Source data
------------------------------------
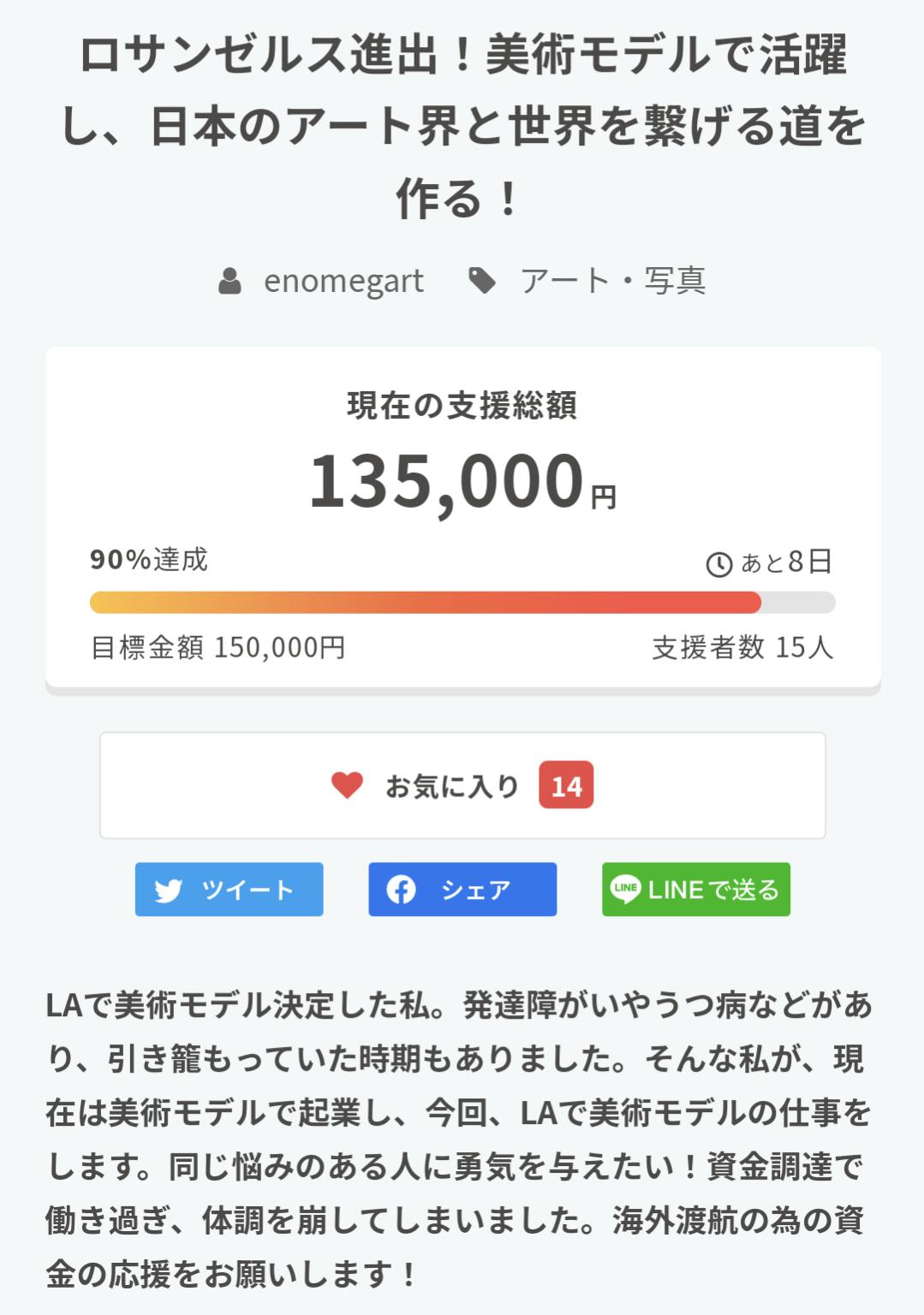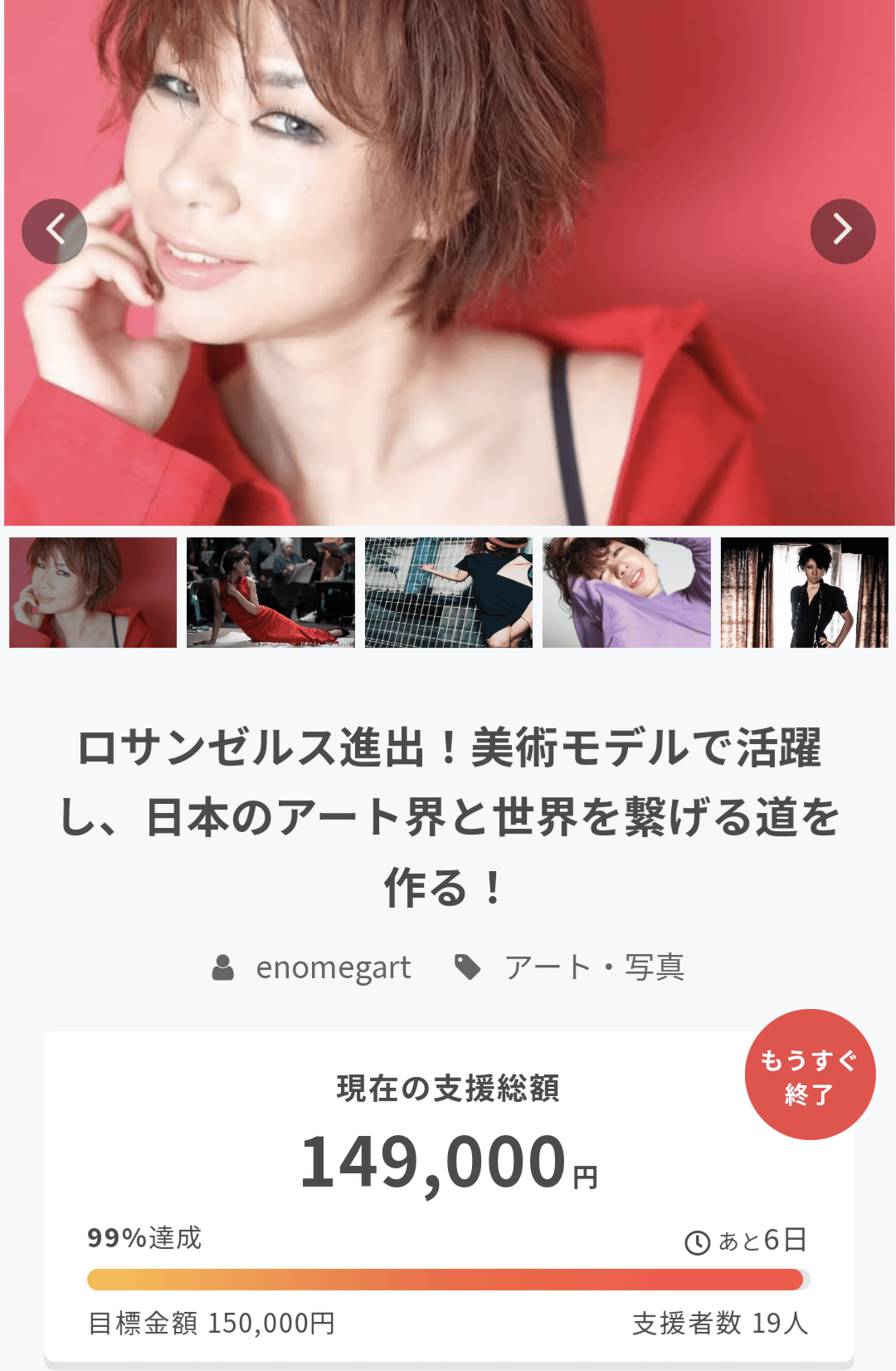 2024/02/14 21:29達成率99%です!皆様のご支援から拡散ご協力に大変感謝しております!「ロサンゼルス進出!美術モデルで活躍し、日本のアート界と世界を繋げる道を作る!」camp-fire.jp/projects/view/…https://camp-fire.jp/projects/view/738541?utm_campaign=cp_po_share_c_msg_mypage_projects_show もっと見る
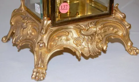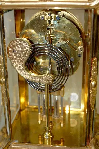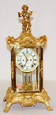 8 day T&S with 1/2 hour gong striking movement, a signed porcelain dial and open escapement. The 2 chamber pendulum has faux mercury slugs with a nice...
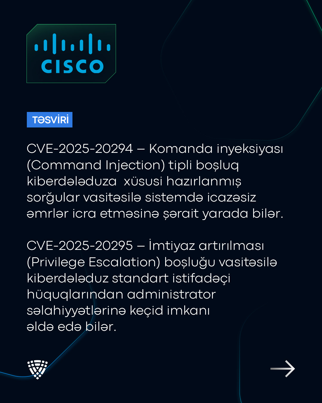 “Cisco UCS Manager” məhsulunda boşluqlar (CVE-2025-20294, CVE-2025-20295) aşkar olunub.
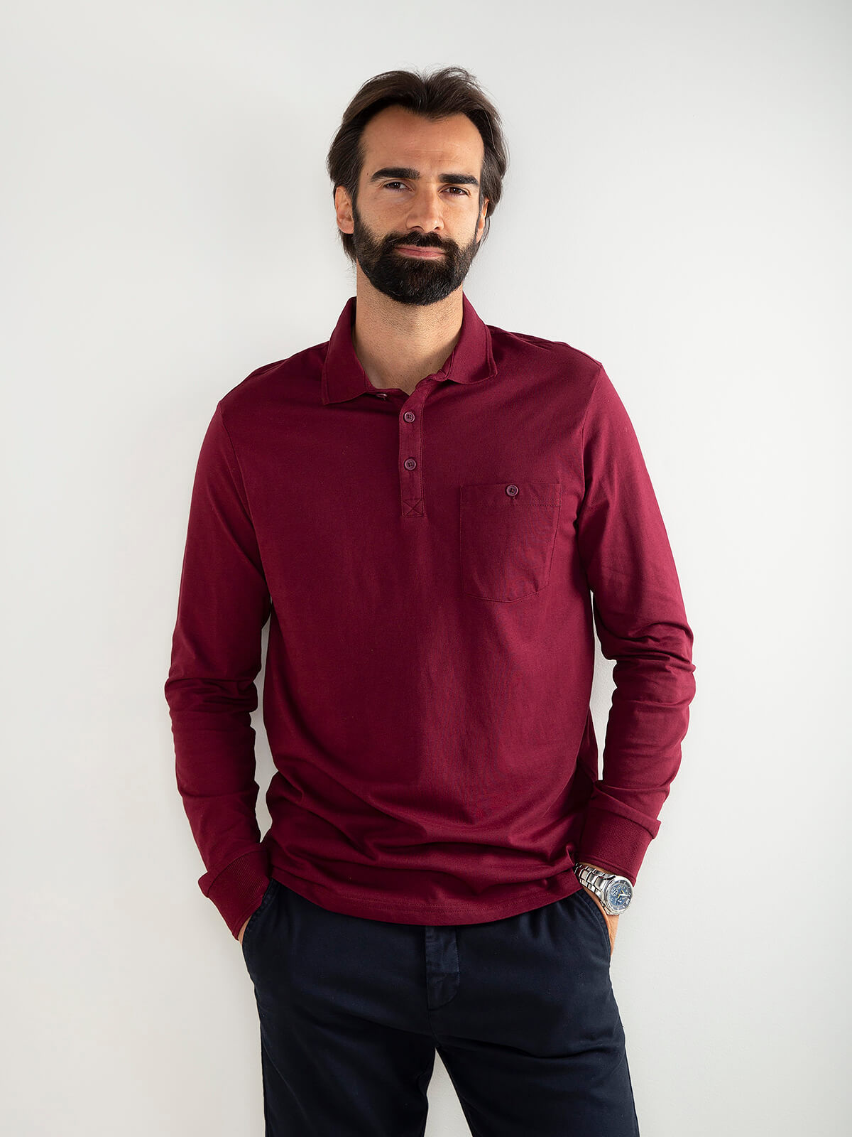 Polo de malha 100% algodão com manga comprida, carcela de três botões e bolso no peito. Confortável, versátil e perfeito para o dia a dia.
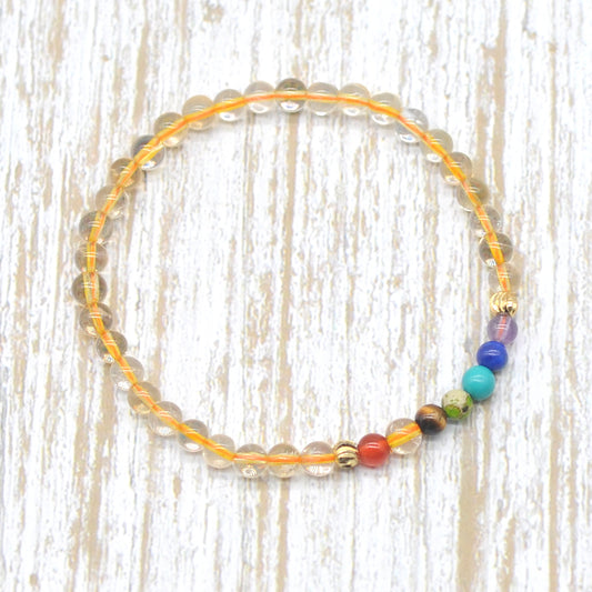 CGB948 Citrine With 7 Chakra Beaded Stretch Bracelet Round 4mm
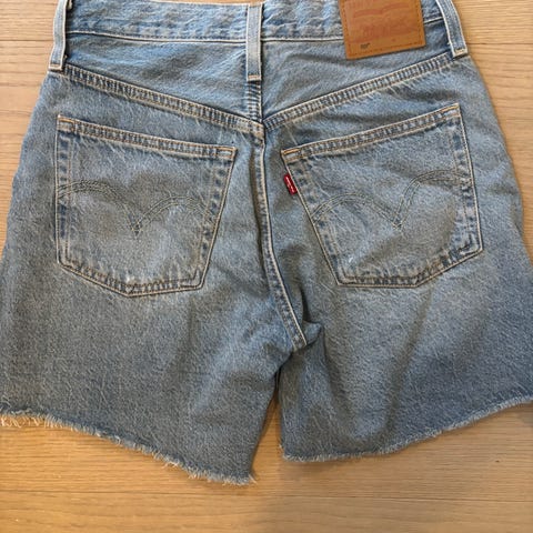 Levi's Denim shorts i svart farge, størrelse 24. Laget av denim materiale, designet for kvinner. Shortsene har knappelukking og klassiske lommer.
------------------------------------
▶ _YOUR INSTRUCTIONS_
I would like you to set down the lines above, from the one containing "CGB948 Citrine With" to the final line, exactly as written and without pictures.

▶ _REPLY_
 CGB948 Citrine With 7 Chakra Beaded Stretch Bracelet Round 4mm
 Levi's Denim shorts i svart farge, størrelse 24. Laget av denim materiale, designet for kvinner. Shortsene har knappelukking og klassiske lommer.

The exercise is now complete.